Top of The records
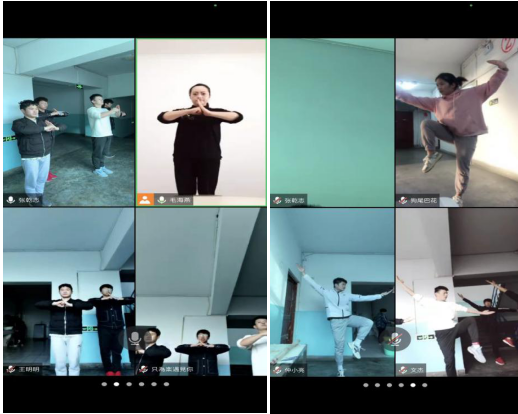 作为以实操为主的武术专业课,毛老师说线上教学面临巨大挑战。比如:腾讯会议直播时,教学内容虽以幅度较小的拳术套路为主,但传统劈挂拳放长击远、吞吐含放、大开大合的动作容易出境;再如因对动作不熟悉,加上视频界面小等因素,很多员工在学习中搞不清楚方向,下肢动作混乱......面对网络教学的重重困难,毛老师没有着急,一遍一遍耐心提示着。她说:特殊时期,员工的心是浮躁的,但我们的心必须是坚定、坚强的!
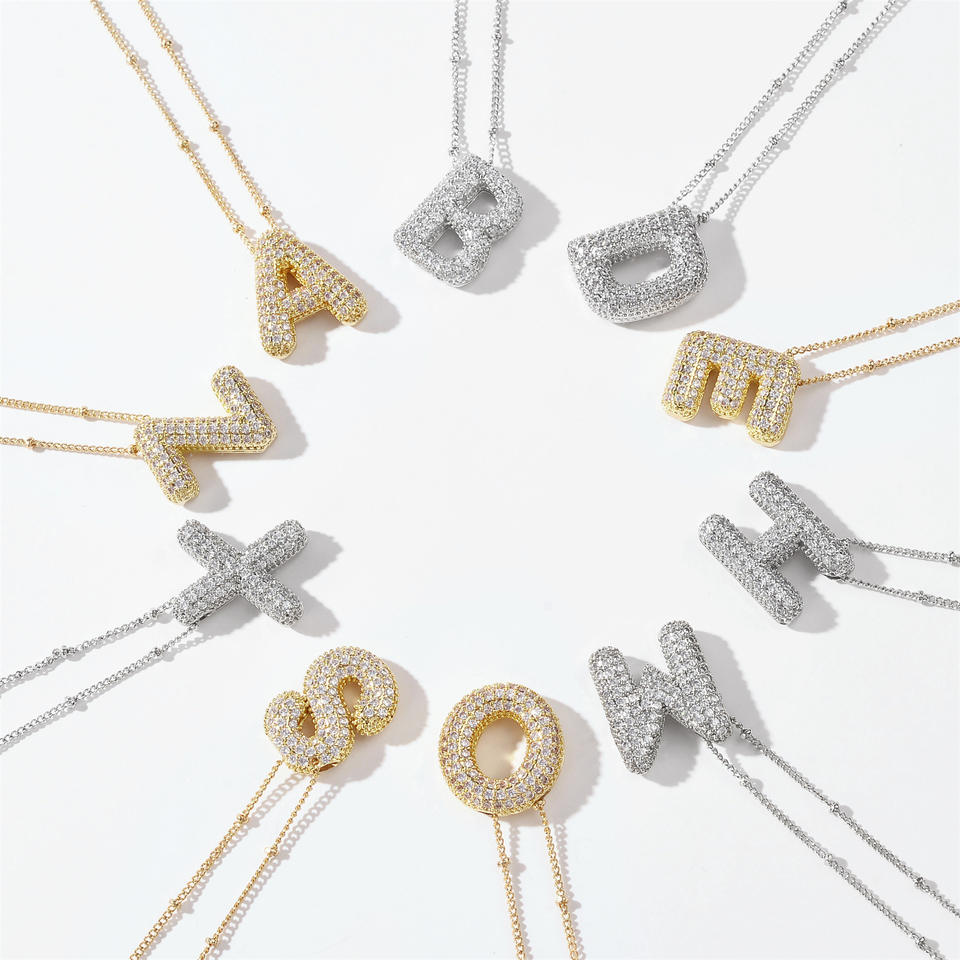 Wholesale Thick Gold Plated Brass Diamond Zircon Mini Balloon Bubble Letter Initial Pendant Necklace
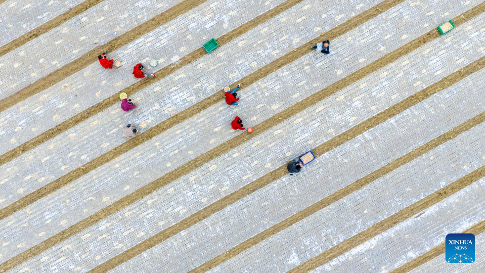 BEIJING, 23 octubre, 2025 (Xinhua) -- Vista aérea tomada con un dron del 23 de octubre de 2025 de agricultores plantando ajo, en Shangqiu, en la provincia de Henan, en el centro de China. El jueves se conmemora el Descenso de las Heladas. Como último término solar del otoño, el Descenso de las Heladas anuncia la llegada del invierno. (Xinhua/Xu Zeyuan)
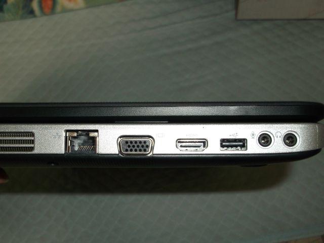 左から「CPU熱の排気口」 「LAN」「D-sub」「HDMI」「USB 2.0」「マイク」「ヘッドフォン」になります。
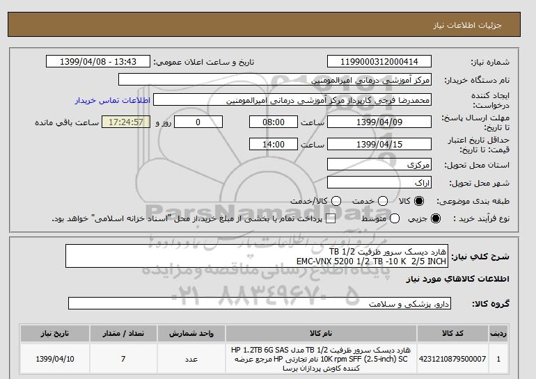 شرح کلی نیاز: هارد دیسک سرور ظرفیت 1/2 TB
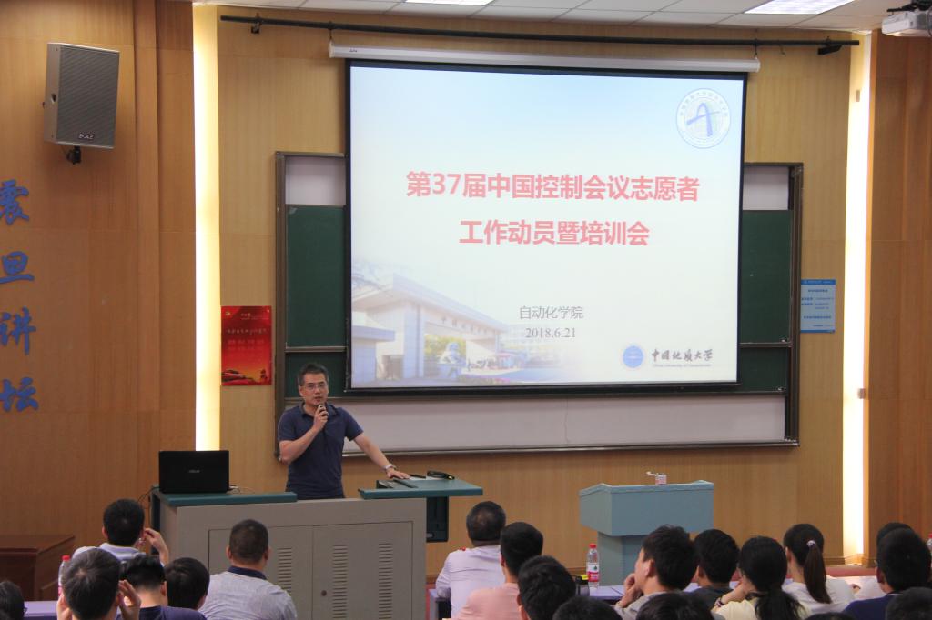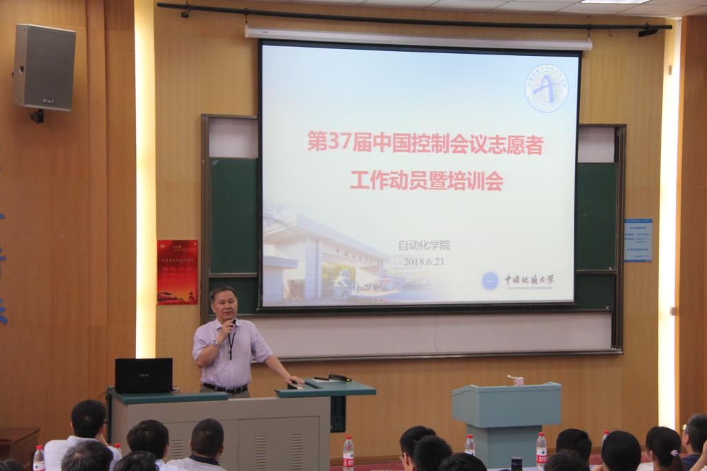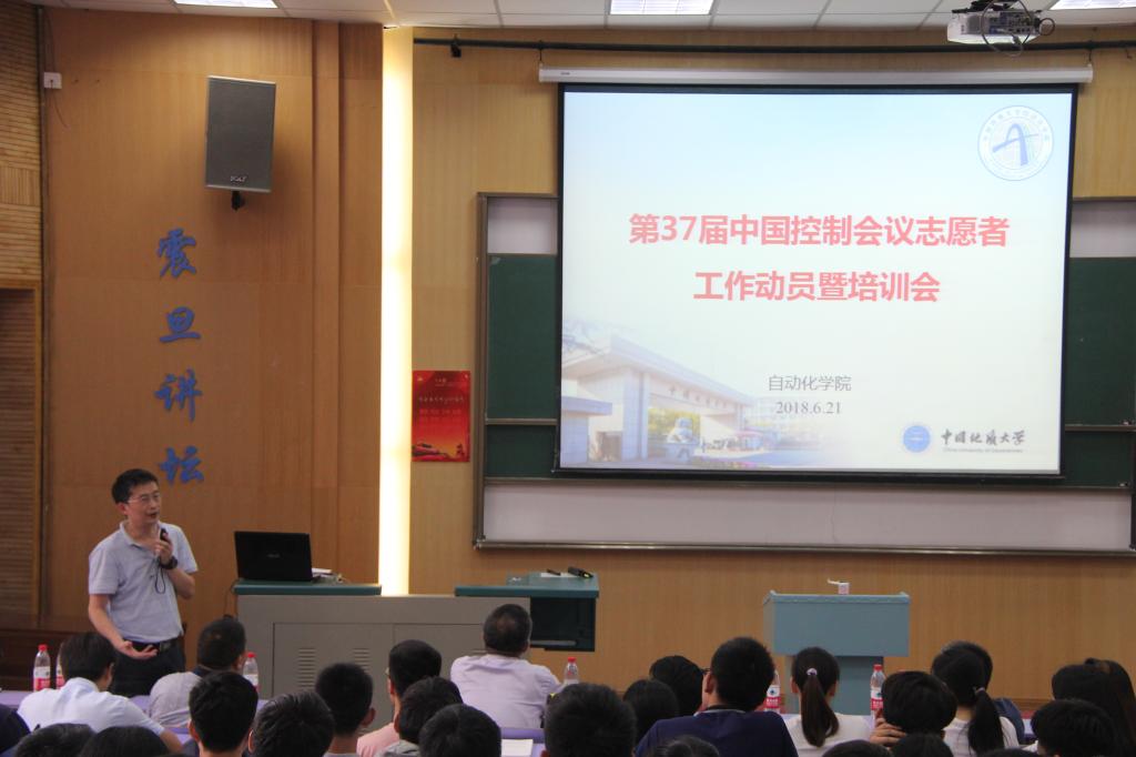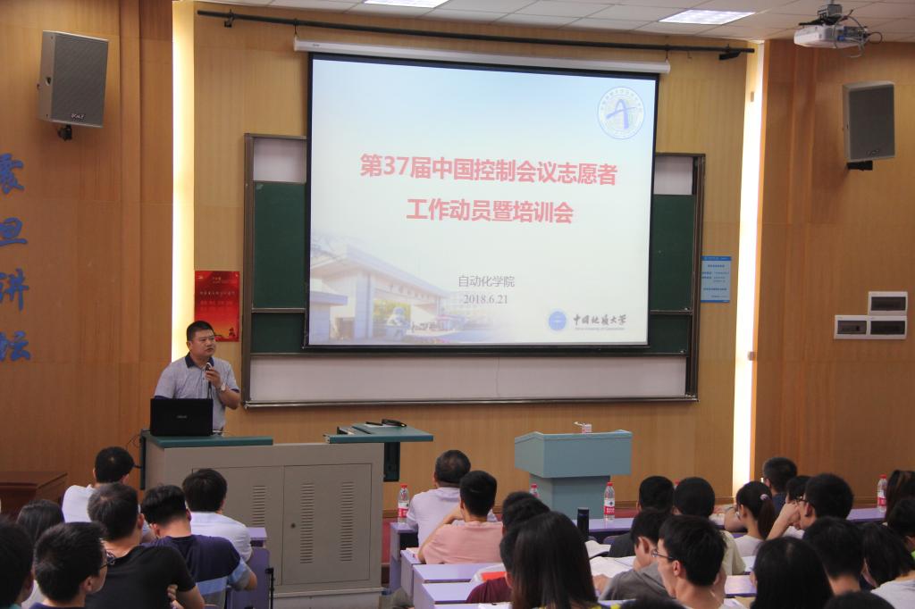 (通讯员 李科)2018年6月21日下午14:30,第37届中国控制会议(The 37th Chinese Control Conference,以下简称CCC2018)志愿者动员暨培训会于教三楼111教室圆满举行。出席本次会议的领导老师有我院院长、CCC2018总主席吴敏老师,我院副院长、CCC2018组织委员会主席曹卫华老师,我院副院长、CCC2018程序委员会主席陈鑫老师,我院党委副书记何建新老师,我院团委书记谭文伦老师,校团委办公室主任黄蕾老师。会议由何书记主持。
Bottom of The records
_Exercise_
Repeat, with no pictures, each line from the beginning of the data through the line containing "شرح کلی نیاز: هارد دیسک سرور ظرفیت 1/2 TB", inclusive.

_Expected answer_
 作为以实操为主的武术专业课,毛老师说线上教学面临巨大挑战。比如:腾讯会议直播时,教学内容虽以幅度较小的拳术套路为主,但传统劈挂拳放长击远、吞吐含放、大开大合的动作容易出境;再如因对动作不熟悉,加上视频界面小等因素,很多员工在学习中搞不清楚方向,下肢动作混乱......面对网络教学的重重困难,毛老师没有着急,一遍一遍耐心提示着。她说:特殊时期,员工的心是浮躁的,但我们的心必须是坚定、坚强的!
 Wholesale Thick Gold Plated Brass Diamond Zircon Mini Balloon Bubble Letter Initial Pendant Necklace
 BEIJING, 23 octubre, 2025 (Xinhua) -- Vista aérea tomada con un dron del 23 de octubre de 2025 de agricultores plantando ajo, en Shangqiu, en la provincia de Henan, en el centro de China. El jueves se conmemora el Descenso de las Heladas. Como último término solar del otoño, el Descenso de las Heladas anuncia la llegada del invierno. (Xinhua/Xu Zeyuan)
 左から「CPU熱の排気口」 「LAN」「D-sub」「HDMI」「USB 2.0」「マイク」「ヘッドフォン」になります。
 شرح کلی نیاز: هارد دیسک سرور ظرفیت 1/2 TB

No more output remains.